L’ulivo è un albero silenzioso.

 

Si muove con eleganza

lascia andare le sue foglie,

dita puntate al cielo

argentee chiome di donna saggia

a destra a sinistra

pagine di un libro poggiato a terra

in basso in alto

abbassandosi in inchini,

mulinelli vorticanti

di abbracci frondosi

e nel suo cuore,

vuota coppa

ricolma di luce,

la sapienza antica

delle sue radici.

 

Tutte le cose finiscono…

Tutte le cose finiscono

per perdersi.

Ieri erano lí

e oggi, guarda!

Non ci sono più.

Semplicemente

se ne sono andate.

Hanno fatto tardi per un pò

raggrumate come un calzino vecchio

accoccolate

come un gatto sonnacchione

poi

dopo essersi stiracchiate ben bene

se ne sono uscite

così…

senza dire nemmeno buonasera

e pensare che ci avevo tenuto tanto!

Importa forse?

Direi di no

son cose…

occorre lasciarle andare.

 

Quasi dimenticavo le buone abitudini…

in tema di perdite, la protagonista del libro che sto leggendo ne ha appena subita una, ve lo consiglio caldamente

Dona Flor e i suoi due mariti – Jorge Amado

Collezioni

Ho collezionato tante cose.

Sicuramente sconfitte e brutte figure

ma queste son le più  facili… non sono cose rare.

Ho collezionato lacrime che ho rifiutato di lasciar cadere

persino risate

e queste sì

son difficili da conservare.

Ho collezionato i colori più belli,

li ho tenuti dentro le scatole

per il timore di consumarli,

parole a centinaia…

quasi impossibile per una logorroica

Ho collezionato battiti di cuore

a lasciarlo andare a briglia sciolta,  chissà…

avrebbe preso magari un raffreddore.

Ho collezionato giornate vuote

che a pensarci bene

avrei riempito più che volentieri.

Ho collezionato persino divani malconci a metà

non perchè  li abbia consumati con gli amici a divertirmi,

o perchè  ci abbia dormito la notte,

o perchè  li prediligessi per farci l’amore…

no,  direi piuttosto che amavo scavarci fossi pesanti in solitudine

occupandoli per ore sempre nella stessa posizione

e sempre e solo nella seduta di destra.

Ho collezionato collezioni cominciate e mai portate avanti

passioni accennate e mai inseguite

viaggi sognati da cui non sono ancora tornata.

Ho collezionato un amore, due sorrisi,  qualche bacio rubato,  tre cicatrici e due funerali.

Tutto il resto l’ho solo vissuto.

Ieri ho barattato tutte le mie collezioni per un briciolo di saggezza.
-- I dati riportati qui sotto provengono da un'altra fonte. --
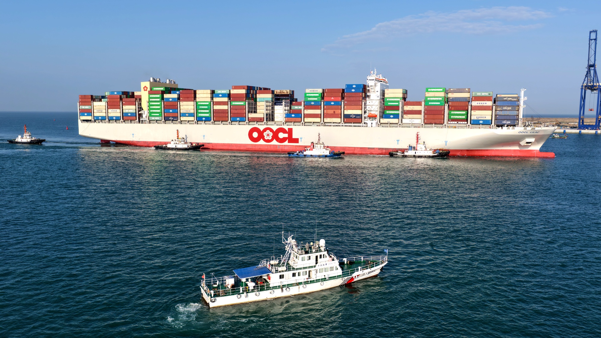 大型集裝箱船舶駛進洋浦港(央廣網(wǎng)發(fā) 洋浦海事局供圖)
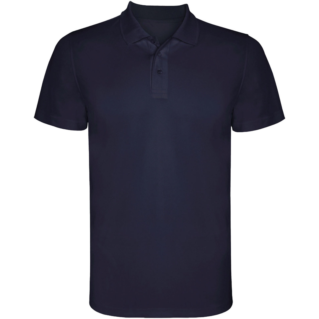 Funktionelles Poloshirt mit kurzen Ärmeln. Gestrickter Kragen mit 3-Knopf-Verschluss. Der Stoff ist leicht zu waschen und zu trocknen und atmungsaktiv. Abnehmbares Etikett. Funktionelle Substanz. Atmungsaktives Gewebe.

Oggi fortunosamente ho perso la follia.

Domani, forse… comincerò un’altra collezione.

 

 

Il consiglio di oggi è  ovviamente una poesia

L’arte di perdere – Elisabeth Bishop

 

 

 

Isole

Distanti

lontani

da un capo all’altro

di noi stessi

urlavamo

da isola

ad isola

- era così facile invece -

abbiamo dovuto

spaccarci le mani

per costruire un ponte

che ci congiungesse

e posata l’ultima pietra

ci siamo accorti

di aver costruito un grattacielo.

Eravamo sullo stesso punto

del mondo

e non lo sapevamo.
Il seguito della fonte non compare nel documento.